During that time, as we creeped closer and closer to Christmas, we started to get nervous that we would need to spend Christmas apart. During the hospital stays, Erica and I alternate who stays at the hospital and who stays home with Jack (he isn’t allowed to visit Charlie due to Covid protocols). We really wanted the Christmas magic to be there for the boys this year, we really wanted them to be together. As the big day approached, and the doctors still told us we’d be there “a few more days”, we were working out the logistics of who would stay home Christmas Eve to wrap all the presents and make sure Santa came.

Then, the day before Christmas Eve, they told us we can go home. It was such a narrow window of home time – we return for the next chemo session tomorrow, on the Dec. 27th – but it just so happened that we got to be home right on Christmas. It timed out perfectly, four days at home that landed perfectly at Christmas. We are so grateful for that time at home with these boys. And to top it all off, Charlie looks better than ever, a happy healthy little puppy. After just a day at home, he had bounced right back strength-wise. We know that the next chemo session might last another nine days, and that it will likely make him sick for a little while. But now we also know that he bounces back, that he’s resilient. We used to struggle with administering his daily medicines; now that’s just part of his routine. He used to struggle to sit up on his own; now (after much practice) he can pretty much stand up on his own again. Charlie has demonstrated that he can do hard things, that he can get through the unpleasant parts, which is a skill that will transcend this stage in his life and allow him to survive (and hopefully even thrive) through all the difficult phases that come throughout a long life. 
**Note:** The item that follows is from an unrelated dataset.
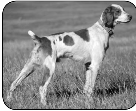
FC HAL-JS SMARTEYES-JOKERS EZ ACE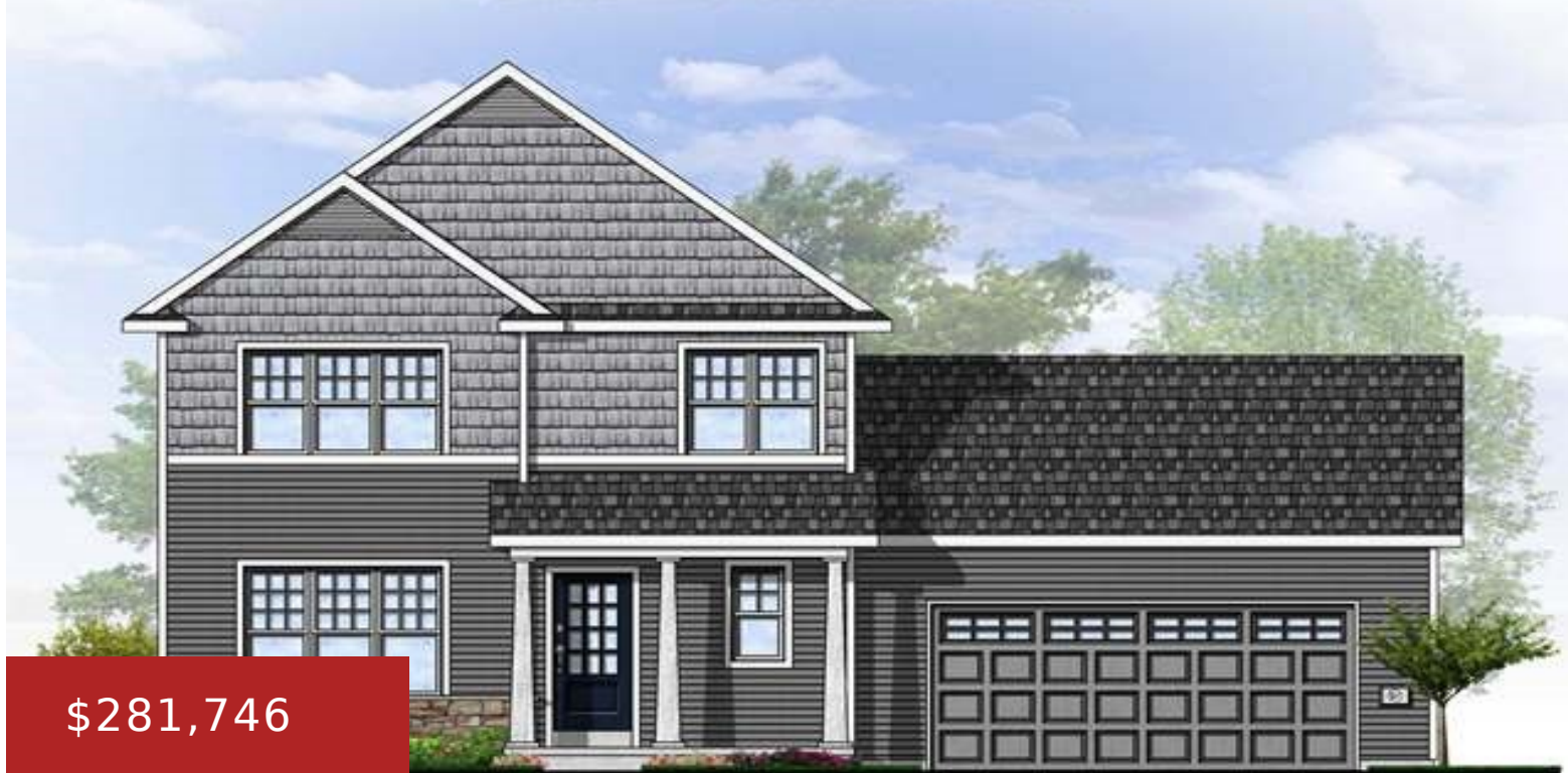
REPRESENTATIVE MODEL FOR COMPARISON

4639 Catalina Parkway, Madison, WI, 53558

At least for this moment, the day after Christmas, Charlie isn’t dealing with anything particularly difficult. Today there’s no pain or yucky feeling or chemo. Today he’s surrounded by Christmas presents and people who love him. His only job today is to crawl and wiggle around the house, to play and laugh and eat, to live a care-free lifestyle, the way a three year old should. We’ll go back to the hospital tomorrow, but today is all about fun. Every life is full of these oscillations, where one day is fun and another is hard. We all have to learn that when it’s time to work we must work, and when it’s time to play we must stop working and go play. It will never be all fun all the time, but if we are resilient and clever, hopefully it won’t always be work either. I wouldn’t expect a three year old to understand this lesson, but Charlie has miraculously already learned it. His joy for life is contagious, even when he has to do hard things. I can’t think of an individual better suited to deal with the difficult road ahead than Charlie.